February 22: One in Five
In a soft, Mexican accent and in cautious English, my garbage man asked me, “You have baby?”
It was Wednesday, garbage day, and I was enjoying my lunch at the small, two-person table we have at the back of the house, just outside my studio. I have an interesting relationship with my garbage man, if you can call a once-a-week, gone-in-under-60-seconds encounter a “relationship.” Since I quit my job three years ago, I’ve watched him come and go every Wednesday, the “beep, beep, beep” his truck makes as he backs into my driveway signaling his arrival. It’s then, when I hear that sound, that I go outside to make sure my deaf cat is not in the driveway, her back to the unyielding metal and unforgiving rubber heading her way. That’s why I know my garbage man. I’m usually outside every time he comes, scooping up my cat.
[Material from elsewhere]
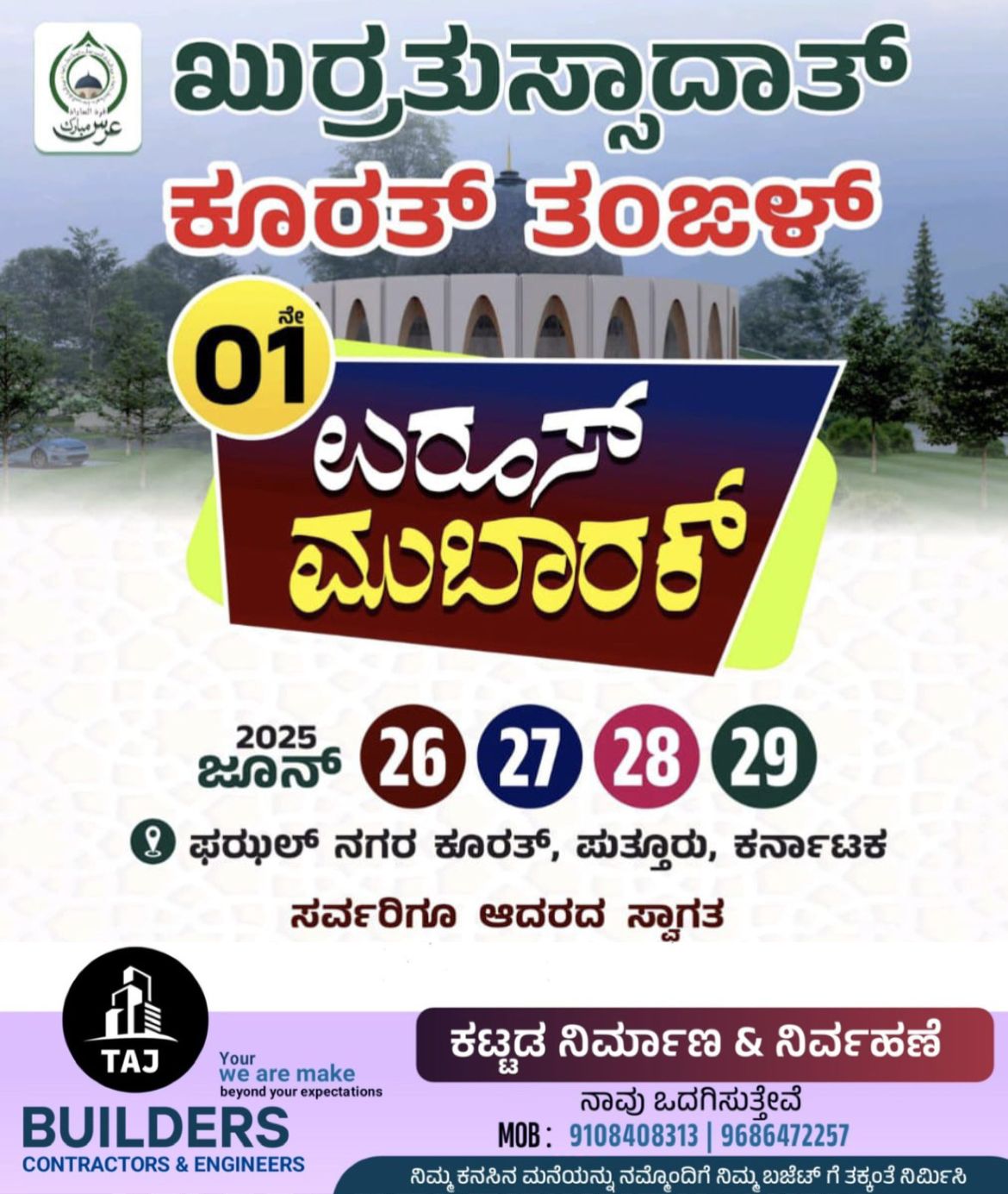 ಕೂರತ್ ತಂಙಳ್ ಪ್ರಥಮ ಉರೂಸ್ ಕಾರ್ಯಕ್ರಮವು ಇದೇ ಬರುವ ದಿನಾಂಕ : 26 ರಿಂದ 29 ರ ತನಕ ನಡೆಯಲಿದೆ . ತಾವೆಲ್ಲರೂ ಮಹಾನ್ಮರಾದ ಕೂರ ತಂಞಲ್ ರವರ ಈ ಉರೂಸ್ ಕಾರ್ಯಕ್ರಮದಲ್ಲಿ ಭಾಗವಹಿಸಿ ಕಾರ್ಯಕ್ರಮವನ್ನು ಯಶಸ್ವೀಗೊಳಿಸಬೇಕು # ರಫೀಕ್ ಎಂ ಎ ಸವಣೂರು  18 ನ್ಯೂಸ್ ಪುತ್ತೂರು . (ರಿಪೋರ್ಟರ್ ).

Our encounters are always pleasant—a wave of the hand, a greeting, a comment on the weather, a wave goodbye accompanied by a meaningful wish for a good day or week. Sometimes I’ll give him treats I’ve baked that day. Sometimes I’ll ask him how to say something in Spanish. One time, when he saw me taking a screwdriver to my license plate as I was putting on my tags, he asked if I needed help. So you can see why I like my garbage man. He’s three-dimensional in a way that most people aren’t as they go about doing their jobs.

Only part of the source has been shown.